Work to be completed: From the listing below, copy only the lines running from the line that contains "Thông tin chúng" to the line that contains "the reporting process.", both included.
--- Dataset content Enclosed Below ---
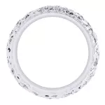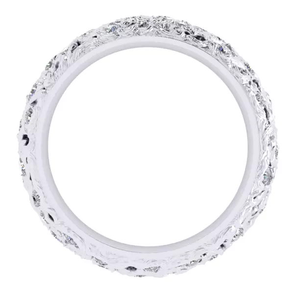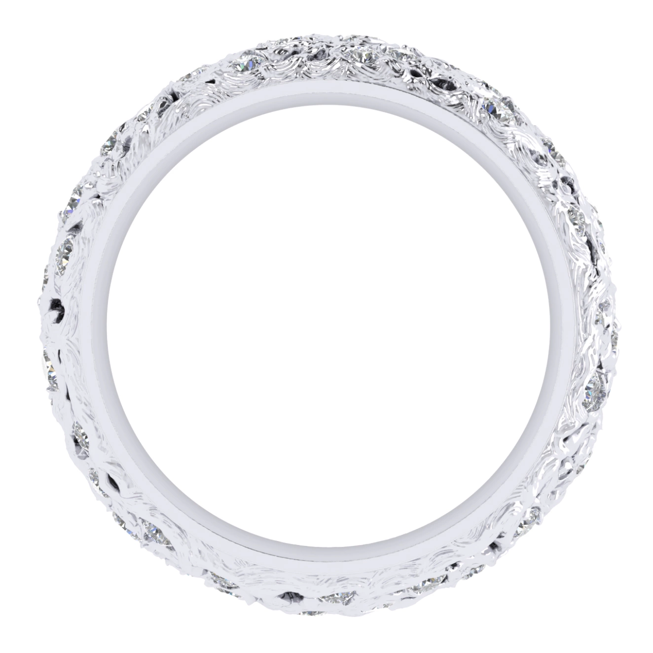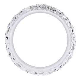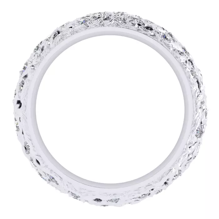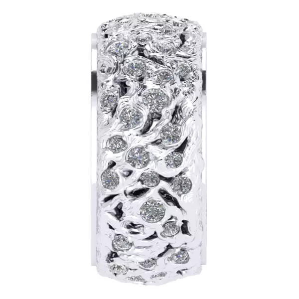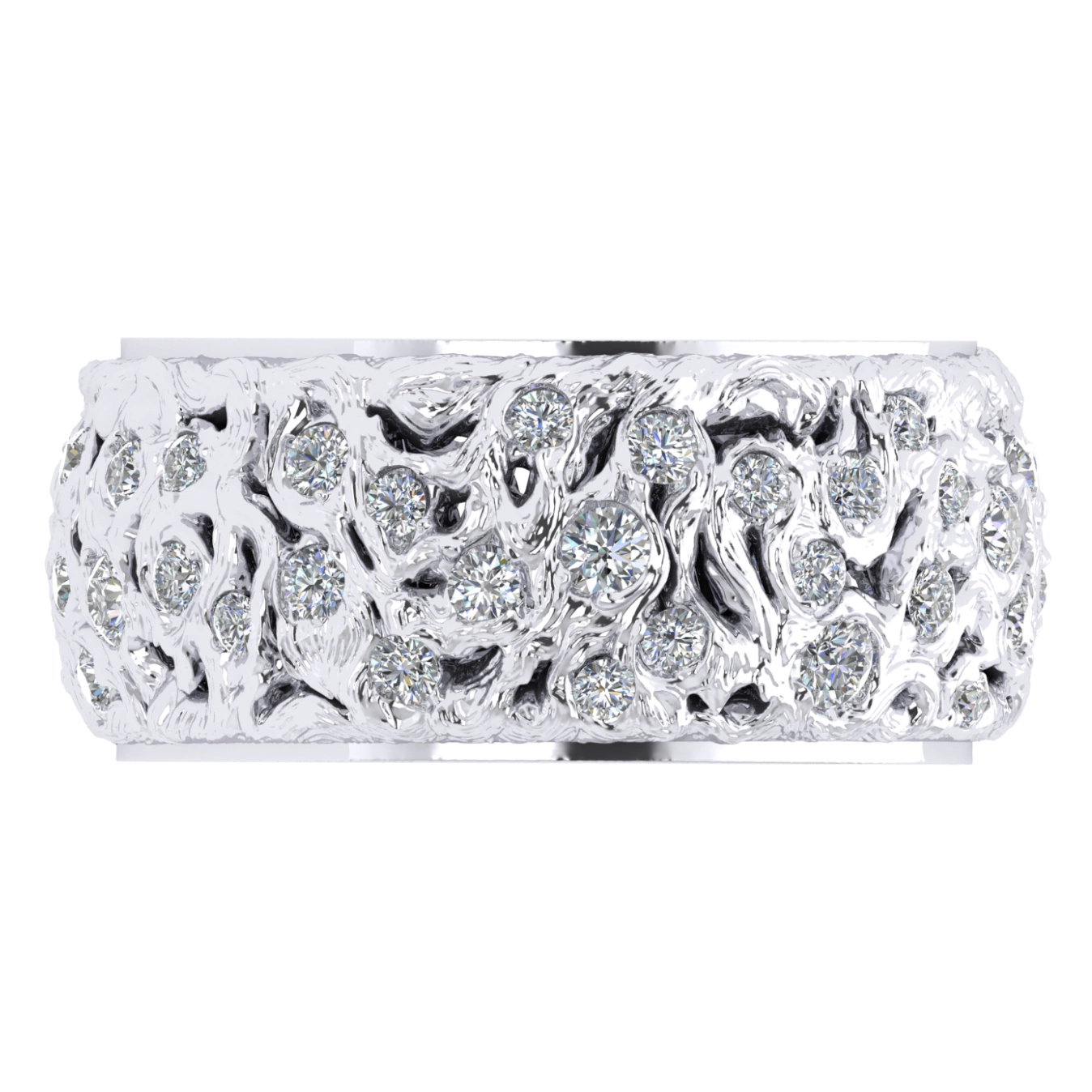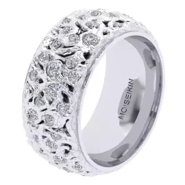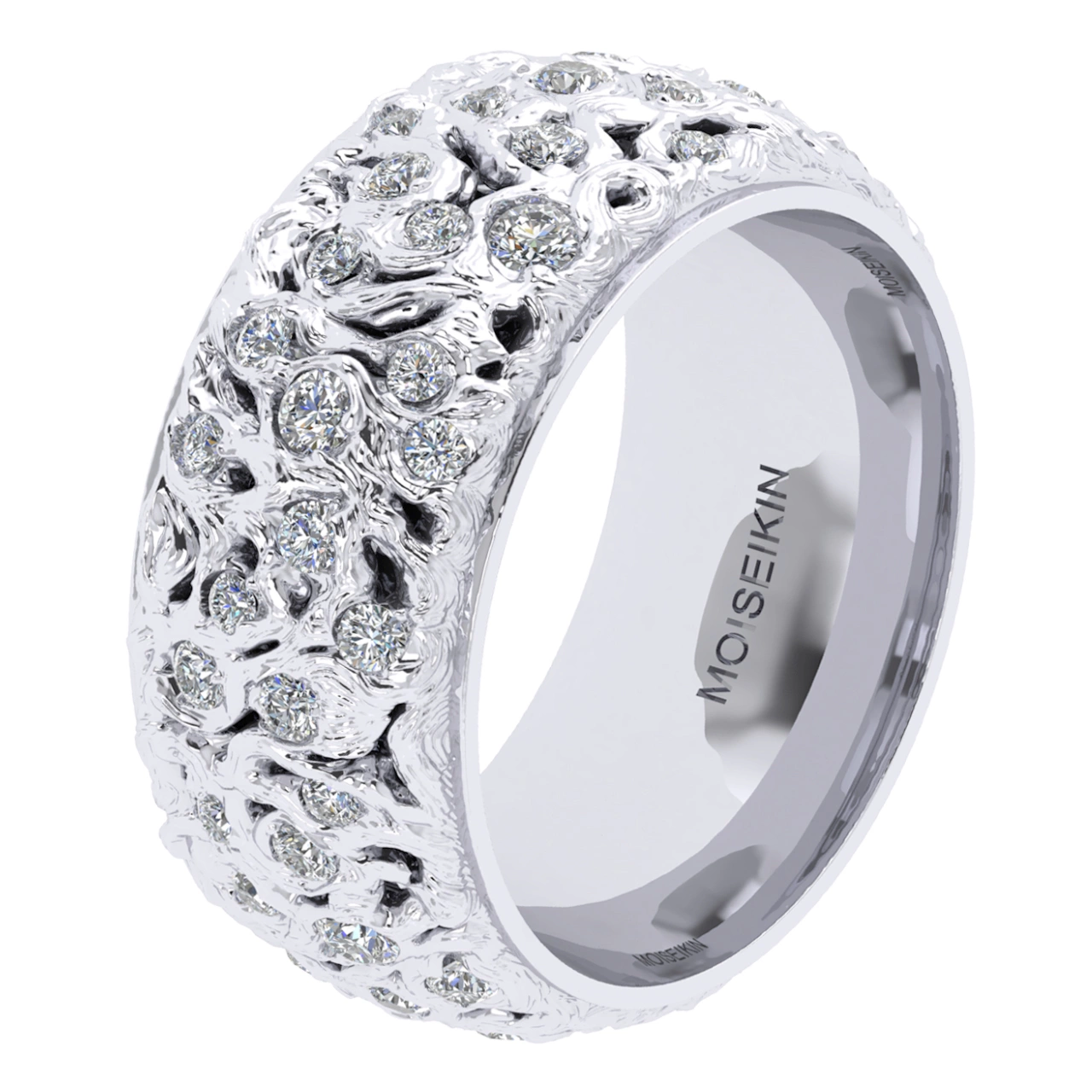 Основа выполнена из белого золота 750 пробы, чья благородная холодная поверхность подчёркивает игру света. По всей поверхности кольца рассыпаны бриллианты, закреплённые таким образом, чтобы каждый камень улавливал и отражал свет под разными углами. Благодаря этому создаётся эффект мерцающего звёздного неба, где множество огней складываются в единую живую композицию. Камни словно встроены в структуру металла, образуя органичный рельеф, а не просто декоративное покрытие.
--- End of Enclosed Dataset content ---
--- Dataset content Enclosed Below ---
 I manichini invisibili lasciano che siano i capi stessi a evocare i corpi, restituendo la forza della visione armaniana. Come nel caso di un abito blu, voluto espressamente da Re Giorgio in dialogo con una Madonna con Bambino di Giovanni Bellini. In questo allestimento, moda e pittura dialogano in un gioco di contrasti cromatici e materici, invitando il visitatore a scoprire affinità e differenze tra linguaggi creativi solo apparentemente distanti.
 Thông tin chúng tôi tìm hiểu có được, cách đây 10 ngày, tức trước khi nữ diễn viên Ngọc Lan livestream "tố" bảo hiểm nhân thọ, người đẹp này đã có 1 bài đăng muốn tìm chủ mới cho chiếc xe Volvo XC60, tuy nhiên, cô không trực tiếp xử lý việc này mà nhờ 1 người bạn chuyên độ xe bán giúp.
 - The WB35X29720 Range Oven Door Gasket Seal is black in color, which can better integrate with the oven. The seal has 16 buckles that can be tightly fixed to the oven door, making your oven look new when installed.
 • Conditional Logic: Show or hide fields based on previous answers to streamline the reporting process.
--- End of Enclosed Dataset content ---
--- Dataset content Enclosed Below ---
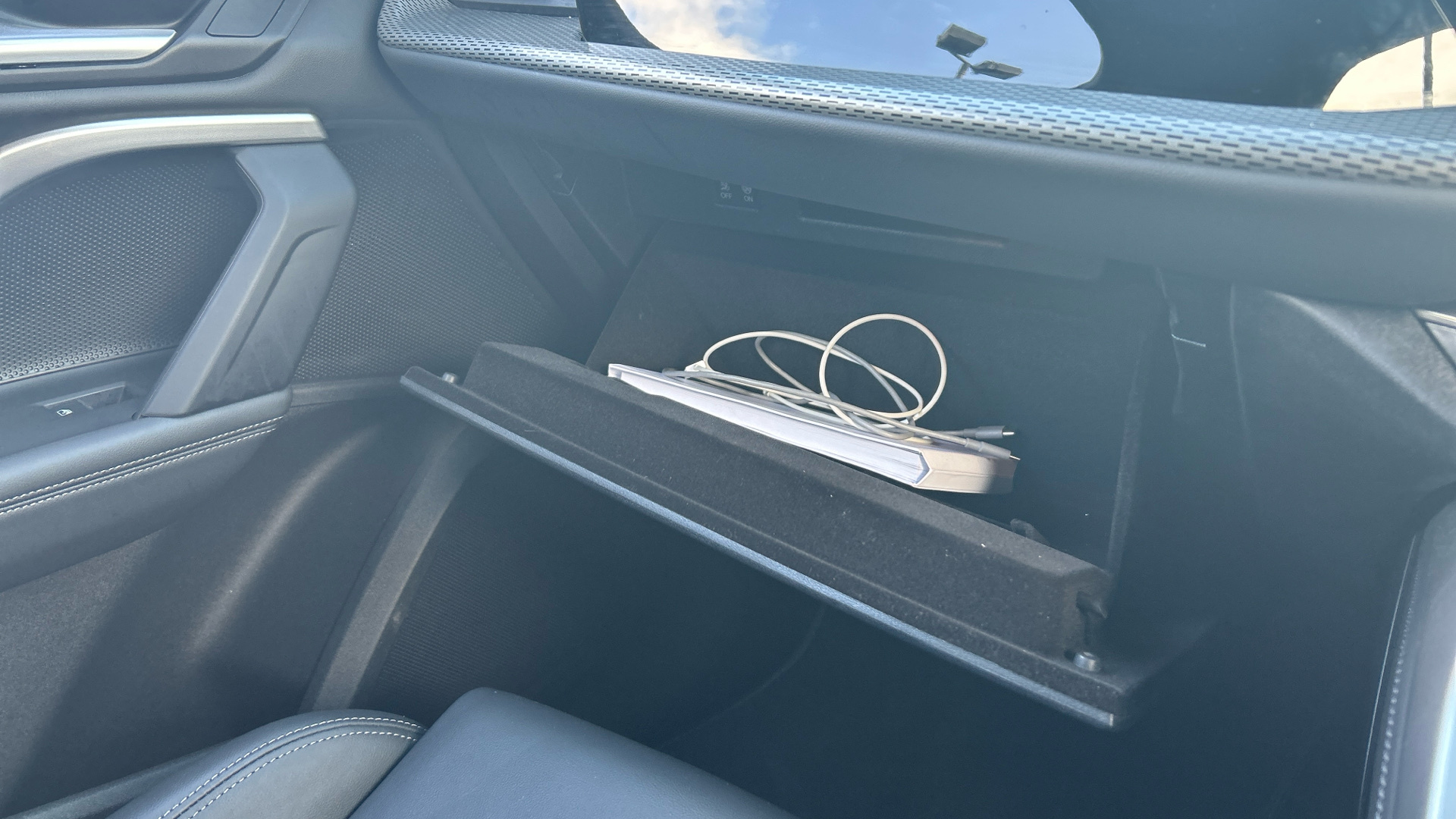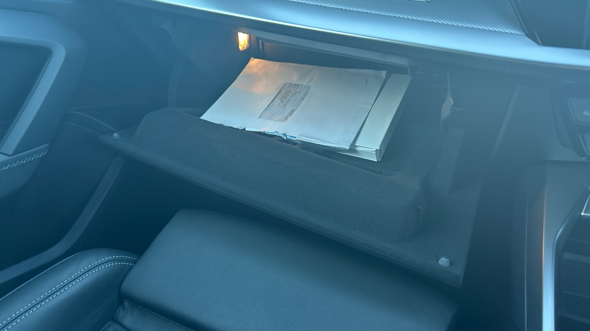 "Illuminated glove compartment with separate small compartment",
--- End of Enclosed Dataset content ---
Completed task:
 Thông tin chúng tôi tìm hiểu có được, cách đây 10 ngày, tức trước khi nữ diễn viên Ngọc Lan livestream "tố" bảo hiểm nhân thọ, người đẹp này đã có 1 bài đăng muốn tìm chủ mới cho chiếc xe Volvo XC60, tuy nhiên, cô không trực tiếp xử lý việc này mà nhờ 1 người bạn chuyên độ xe bán giúp.
 - The WB35X29720 Range Oven Door Gasket Seal is black in color, which can better integrate with the oven. The seal has 16 buckles that can be tightly fixed to the oven door, making your oven look new when installed.
 • Conditional Logic: Show or hide fields based on previous answers to streamline the reporting process.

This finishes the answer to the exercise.